That wasn't my initial reaction. I suspect listeners-myself included-may be guilty of placing expectations on artists to behave as they once did; as they did when we first became enamored with their artistry. But people [hopefully] grow and mature over a period of thirty years, and Becker and Fagen are not afraid to bring such maturity into their work. If I may, I'd like to suggest that listeners attempt to strip themselves of such expectations and immerse themselves in the current offering on its own terms. You will not be disappointed!
I highly recommend cranking up 'Godwhacker' while driving. Becker's bassline and guitar solo kicks... I'm not big on dancing, but I'm ready when I hear this.
And I don't recall two Dan songs that have evoked more emotion within me than 'Things I Miss the Most' and the title tune, 'Everything Must Go' [EMG].
When I first learned of the Dan's choice of EMG as the title for this CD, it immediately conjured up a thought that this would be it: their last effort. If so, I will remain grateful for all they've created over the years.
Or maybe this is reading too much into it. Maybe EMG, the song, should simply be thought of as a great recording, reason enough to use it as the title of the CD. Please listen to Walt Weiskopf's beautiful saxophone work and the melodic phrasing of the lyrics.
But I remain suspicious. When I consider EMG's placement as the last track on the CD, and the lyrics themselves, I can't help but interpret this as a possible swan song. Will they also leave this as the last performance of the last encore during the EMG Tour? If so, I can only envision people exiting in tears. The thought of EMG as a swan song is truly sad, but, if true, has any artist ever bowed out with such high quality?
I was a bit put off at first by the more poppy cuts, 'The Last Mall' and 'Blues Beach,' but now find them lighthearted and enjoyable. Of course, apocalyptic and fatalistic images don't hurt the songs' credibility as honest works of the Dan.

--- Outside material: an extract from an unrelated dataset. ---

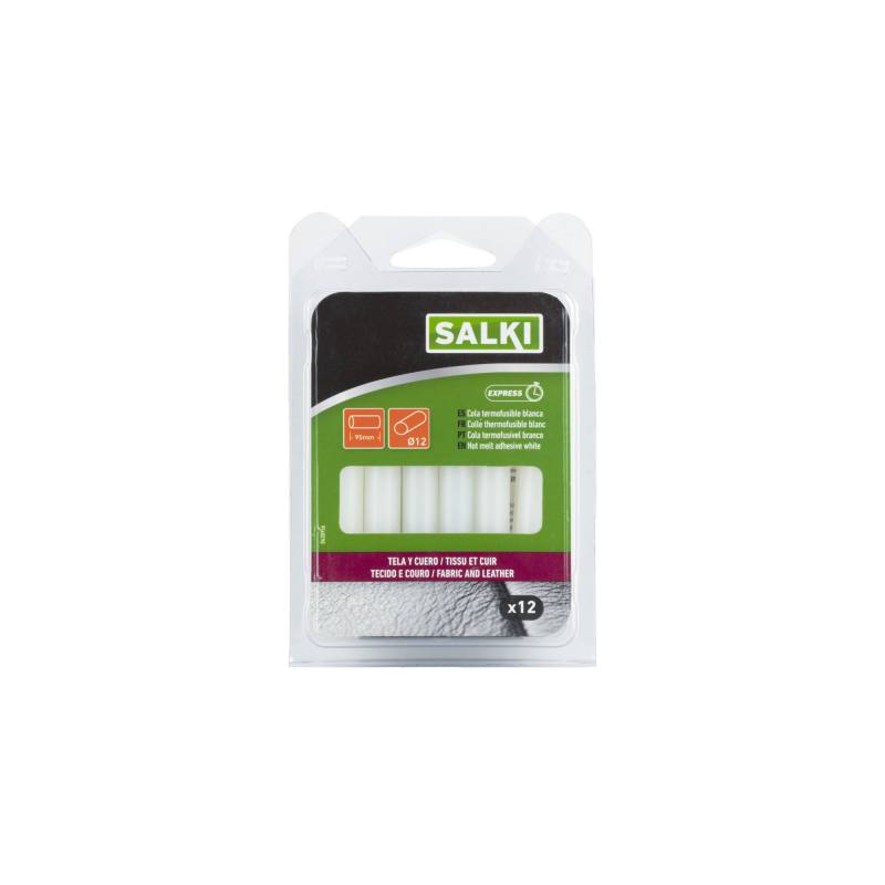 Cola adhesiva termofusible Salki especialmente diseñada para su aplicación en tela o cuero y otros materiales. Pack de 12 piezas de 11,5 mm.

At age 48, I'm a beginner pianist and will be performing 'Here at the Western World' in front of approximately 100 people at this summer's annual recital of my teacher's students. It's a respectable rendition, I suppose, especially when considering my limited background. I'm just hoping the song itself will catch someone's ear in the audience. I know my teacher, a 50ish Berklee grad, enjoys it. Last week she was looking at the lyrics while I was playing, and asked, "What's this 'lay down your Jackson' mean?"